» RECORDED INFORMATION:
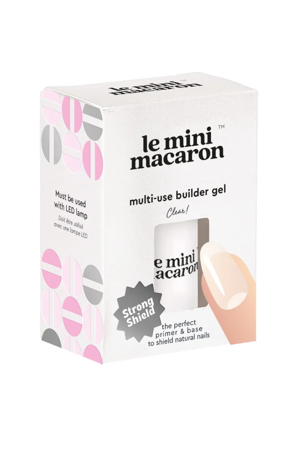 En klar builder gel på 8,5 ml fra Le Mini Macaron til negleforstærkning, negleforlængelse og som base coat.
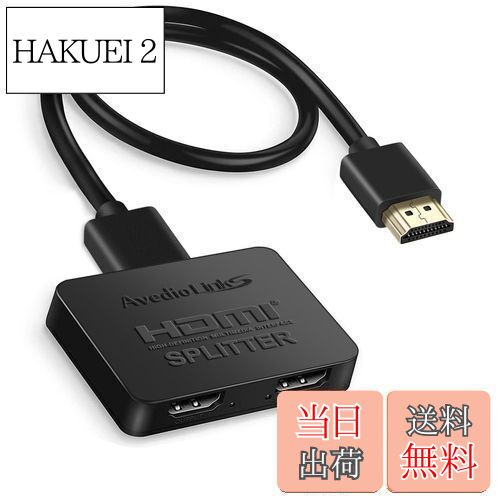 商品情報商品の説明主な仕様 【? HDMI 分配器 同時出力】avedio links HDMI スプリッター 1入力2出力は、2つの画面で同じ出力を複製するように設計されています-【複製するだけで、2つの異なる出力は提供されません】4K HDMI 分配器は、1つのHDMIソース(コンピューターなど)を2つの出力に接続できます (そのような:テレビ、プロジェクター、モニター)、そして両方の出力は同じページを表示します。あなたはビデオとオーディオを同時に、損失なしで、遅れなしで得るでしょう。br【? 4K HDMI 分配器&高速USBケーブル付き】: 1入力2出力HDMI 分配器は、最大4K 30HZ、2k @ 60hz、1080p @ 120hz、3D、1080Pの解像度をサポートします。HDMI入力、出力が4K、HDMIケーブルが高品質の場合、両方のモニターがすべて4Kで動作します。 両方のモニターが同期していて、色の深さがまったく変わらないため、遅れはありません。豪華なビデオとオーディオを友人や家族と共有できます。HDMI出力ケーブルを使用してください。【複製するだけで、2つの異なる出力は提供されません】br【? 幅広い互換性】: HDMI スプリッターは1つの入力をサポートします:Sky Box、Fire Stick、Computer、XBox 360、XBox、PS3/PS4/PS4 Pro/PS5、Fire TV Stick、Blu-RayDVDプレーヤーなどに適用。同時に2つの同じ出力をサポートします:TV、プロジェクト、モニターなどに適用【注意:このHDMI 分配器 1X2は、サウンドバー、アンプ、ヘッドフォン、またはhdmiポートを備えたその他のオーディオデバイスの接続をサポートしていません。HDMIオーディオスプリッターではありません。】br【? プラグアンドプレイ&ポータブル】: HDMI SPLITTERデバイスとUSB充電ケーブルを接続するだけでお楽しみいただけます。サイズ:2.5x2.1x0.5インチ/ 6.3X5.3X1.2 cm、HDMIスプリッター1入力2出力は使いやすく、持ち運びが簡単で、旅行に便利です。 小さなスプリッターボックスを接続すると、リビングルームとキッチンの間で2つの同じディスプレイを共有できます。学校、ソーシャルクラブ、家族で非常に便利です。外部ドライバーが不要で、安全で環境に優しいです。br【パッケージの内容】:1 * HDMIスプリッター+ 1 * 高速HDMIケーブル+ 1 *USB電源ケーブル+ 1 *取扱説明書。
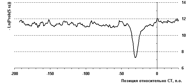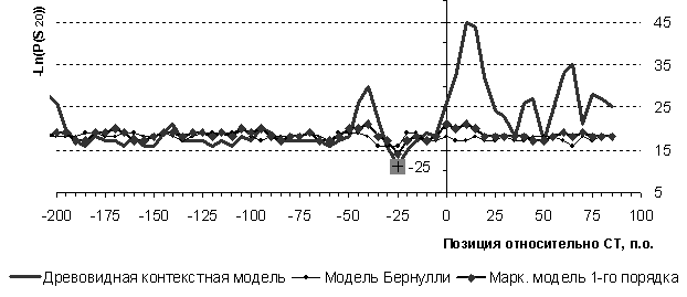 По выборке нуклеотидных последовательностей TATA-боксов была построена древовидно-контекстная модель (марковская модель с переменной памятью). Затем анализировались последовательности промоторов из базы данных TRRD. В скользящем окне 20 п.о. рассчитывались вероятность получения данного участка, и строился профиль логарифма такой вероятности, взятого со знаком минус. Минимальному значению профиля (-25 п.о. относительно старта транскрипции) соответствует участок, наиболее характерный для модели TATA-боксов (Рис. 3.1.6).

» EXERCISE: All of the material above should be reproduced exactly, except the pictures.

» ANSWER AREA:
 En klar builder gel på 8,5 ml fra Le Mini Macaron til negleforstærkning, negleforlængelse og som base coat.
 商品情報商品の説明主な仕様 【? HDMI 分配器 同時出力】avedio links HDMI スプリッター 1入力2出力は、2つの画面で同じ出力を複製するように設計されています-【複製するだけで、2つの異なる出力は提供されません】4K HDMI 分配器は、1つのHDMIソース(コンピューターなど)を2つの出力に接続できます (そのような:テレビ、プロジェクター、モニター)、そして両方の出力は同じページを表示します。あなたはビデオとオーディオを同時に、損失なしで、遅れなしで得るでしょう。br【? 4K HDMI 分配器&高速USBケーブル付き】: 1入力2出力HDMI 分配器は、最大4K 30HZ、2k @ 60hz、1080p @ 120hz、3D、1080Pの解像度をサポートします。HDMI入力、出力が4K、HDMIケーブルが高品質の場合、両方のモニターがすべて4Kで動作します。 両方のモニターが同期していて、色の深さがまったく変わらないため、遅れはありません。豪華なビデオとオーディオを友人や家族と共有できます。HDMI出力ケーブルを使用してください。【複製するだけで、2つの異なる出力は提供されません】br【? 幅広い互換性】: HDMI スプリッターは1つの入力をサポートします:Sky Box、Fire Stick、Computer、XBox 360、XBox、PS3/PS4/PS4 Pro/PS5、Fire TV Stick、Blu-RayDVDプレーヤーなどに適用。同時に2つの同じ出力をサポートします:TV、プロジェクト、モニターなどに適用【注意:このHDMI 分配器 1X2は、サウンドバー、アンプ、ヘッドフォン、またはhdmiポートを備えたその他のオーディオデバイスの接続をサポートしていません。HDMIオーディオスプリッターではありません。】br【? プラグアンドプレイ&ポータブル】: HDMI SPLITTERデバイスとUSB充電ケーブルを接続するだけでお楽しみいただけます。サイズ:2.5x2.1x0.5インチ/ 6.3X5.3X1.2 cm、HDMIスプリッター1入力2出力は使いやすく、持ち運びが簡単で、旅行に便利です。 小さなスプリッターボックスを接続すると、リビングルームとキッチンの間で2つの同じディスプレイを共有できます。学校、ソーシャルクラブ、家族で非常に便利です。外部ドライバーが不要で、安全で環境に優しいです。br【パッケージの内容】:1 * HDMIスプリッター+ 1 * 高速HDMIケーブル+ 1 *USB電源ケーブル+ 1 *取扱説明書。
 По выборке нуклеотидных последовательностей TATA-боксов была построена древовидно-контекстная модель (марковская модель с переменной памятью). Затем анализировались последовательности промоторов из базы данных TRRD. В скользящем окне 20 п.о. рассчитывались вероятность получения данного участка, и строился профиль логарифма такой вероятности, взятого со знаком минус. Минимальному значению профиля (-25 п.о. относительно старта транскрипции) соответствует участок, наиболее характерный для модели TATA-боксов (Рис. 3.1.6).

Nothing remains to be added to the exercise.